The resources used to train the model can be repurposed to run millions of instances of it (this matches projected cluster sizes by ~2027), and the model can absorb information and generate actions at roughly 10x-100x human speed. It may however be limited by the response time of the physical world or of software it interacts with.

Each of these million copies can act independently on unrelated tasks, or if needed can all work together in the same way humans would collaborate, perhaps with different subpopulations fine-tuned to be especially good at particular tasks.

We could summarize this as a “country of geniuses in a datacenter”.'

https://darioamodei.com/essay/machines-of-loving-grace

z2|18 days ago

I think we still have trouble defining the 'I' part of AGI and the rest is predicted on that definition being objective and concrete first.

co_king_3|18 days ago

It's Nirvana or Heaven for the AI cult.

It's a constantly shifting goalpost.
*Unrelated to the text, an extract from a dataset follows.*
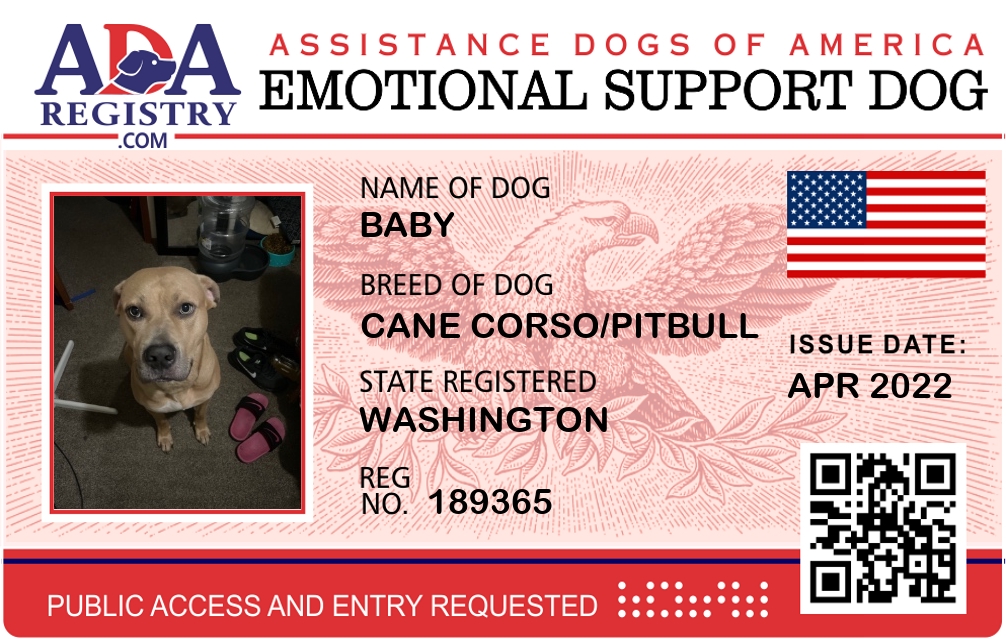 Emotional Support Dog Registration for Caine

Really it's a just a big lie that says AI will do whatever you can imagine it would.

anematode|18 days ago

> 100% of today’s SWE tasks are done by the models.

Meanwhile, Claude Code is implemented using a React-like framework and has 6000 open issues, many of which are utterly trivial to fix.

ponector|18 days ago

He does not specify if tasks are done correctly. Merge your change request full of ai slop and close the task in jira as done. Voila! Velocity increased to the moon! 6000 or 7000 open issues - who cares?

coffeefirst|18 days ago

I’m honestly trying to understand the state of the art and unfortunately the industry is so grifty it’s hard to tell…

Can I ask what happened with your Claude Code rollout?